- Directed by: Bharat Gaikwad
- Starring: Prashant Damle; Subodh Bhave; Sharad Ponkshe; Ashwini Ekbote;
- Cinematography: Anil Chandel
- Music by: Parth Bharat Thakkar
- Release date: 22 April 2016;
- Country: India
- Language: Marathi

= Bho Bho =

Bho Bho is a 2016 Indian Marathi-language film directed by Bharat Gaikwad, the film stars Prashant Damle, Subodh Bhave, Sharad Ponkshe and Ashwini Ekbote.
Parth Bharat Thakkar composed the music with cinematography by Anil Chandel. It was released theatrically on 22 April 2016.

==Synopsis==
After Professor Vinayak's wife is killed, their dog, Sandy, is found guilty. However, the wife's insurance company hires a private detective, Venkatesh Bhonde, to find the truth behind the murder.

==Cast==
- Prashant Damle
- Subodh Bhave
- Sharad Ponkshe
- Ashwini Ekbote
- Saurabh Gokhale
- Sanjay Mone
- Kishore Chougule
- Anuja Sathe

==Reception==
===Critical response===
A reviewer of Loksatta Wrote "There are many things in the film that are logically flawed. Bhonde's easy entry into Bhandarkar's house, easy stealing of Vikram's mobile and taking away the data from it, sudden appearance of the suit used during the murder to the children playing does not meet the level of logic.
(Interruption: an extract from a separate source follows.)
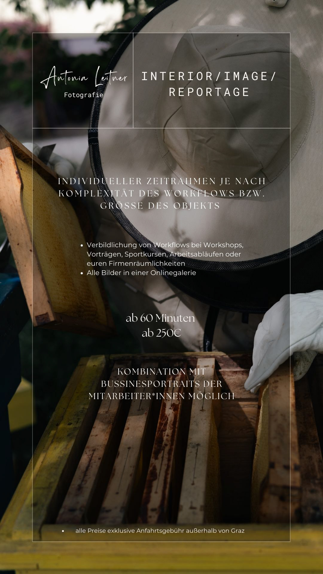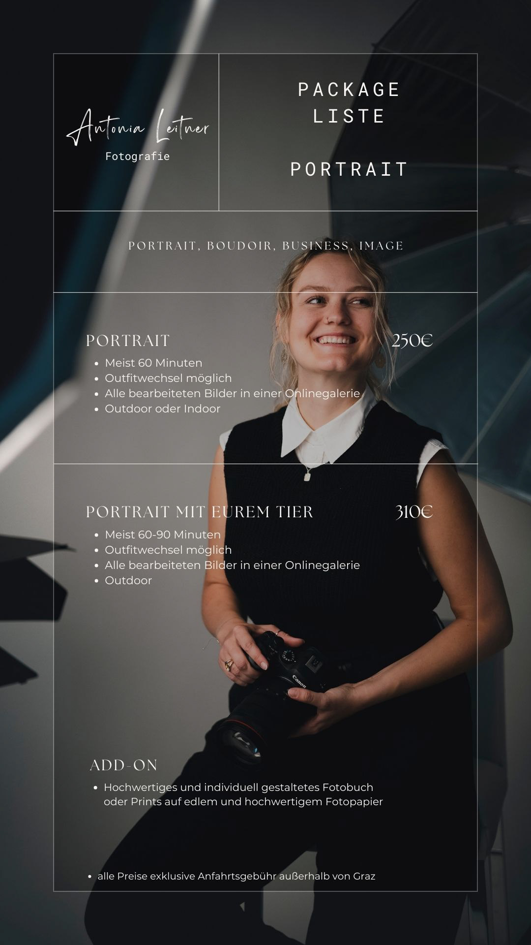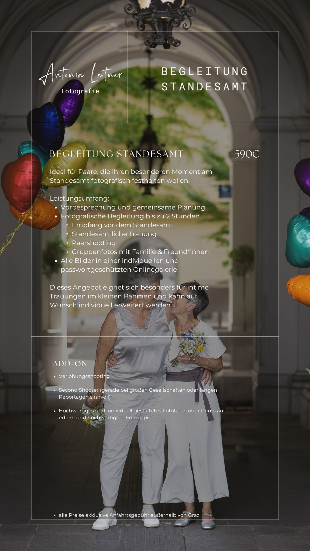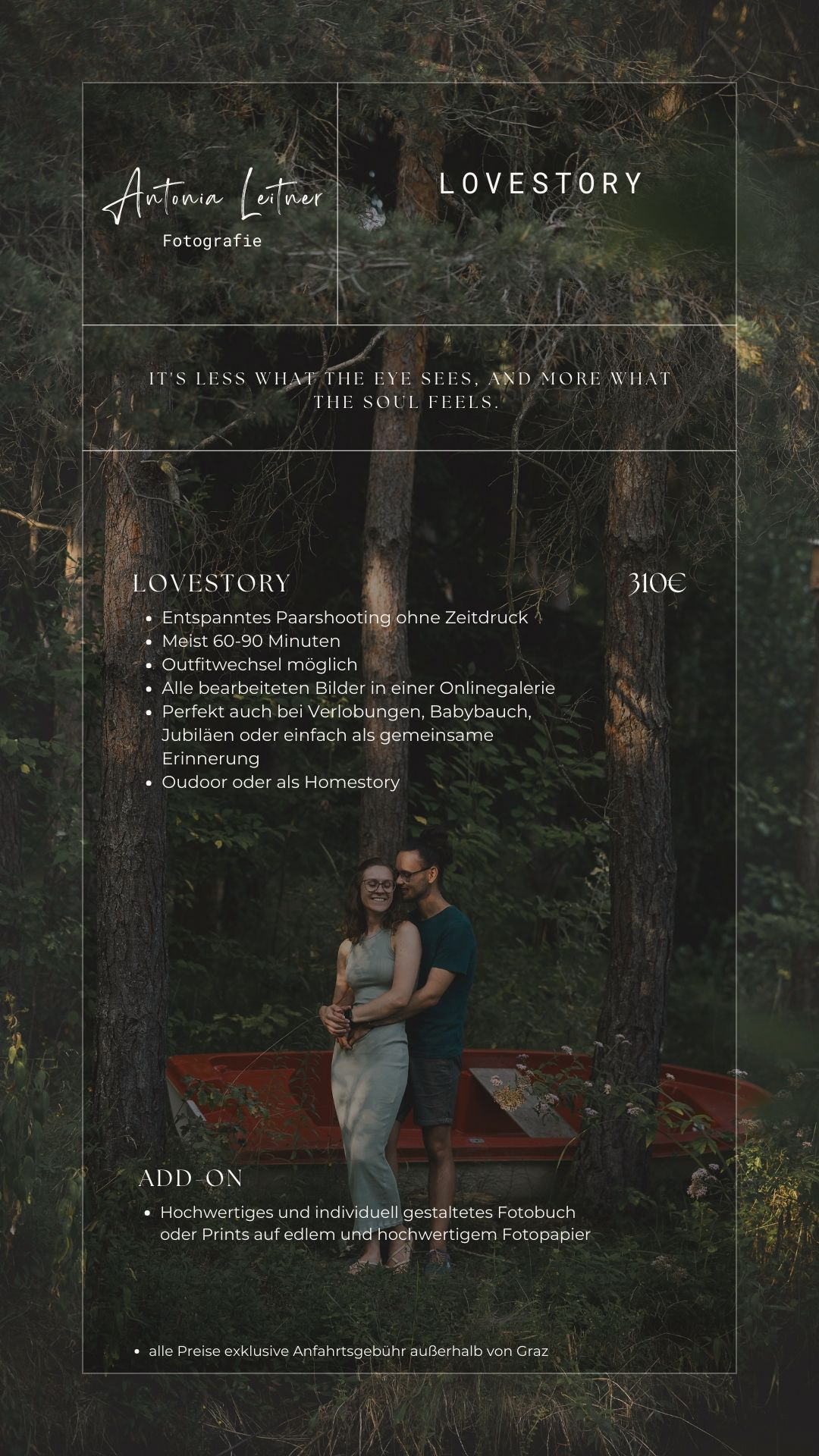 Alle Preise sind bei mir transparent und ohne versteckte Kosten. Die fotografische Begleitung, die sorgfältige Auswahl und Bearbeitung der Bilder sowie eure persönliche, passwortgeschützte Onlinegalerie sind bereits im Preis inkludiert. Ihr investiert bei mir nicht in eine bestimmte Anzahl an Bildern, sondern in eine stimmige fotografische Geschichte.

Therefore, it would be appropriate to watch 'Bho Bho' from this point of view, a film that tells a different story of dog love against the backdrop of a mysterious fold". Ganesh Matkari from Pune Mirror Says "In spite of the theme being unusual in Marathi films, Bho Bho is extremely predictable as far as the mysteries go, even based on the character types". Saumitra Pote from Maharashtra Times wrote "Overall, the story is the backbone of the film. If only the script and dialogues had been written instead of the straight path and taken a roundabout way, the shock technique would have been more effective". Mihir Bhanage from The Times of India wrote "The film scores brownie points in its concept and the portrayal of cute dogs, but with a more gripping narrative, 'Bho Bho' could’ve been much better".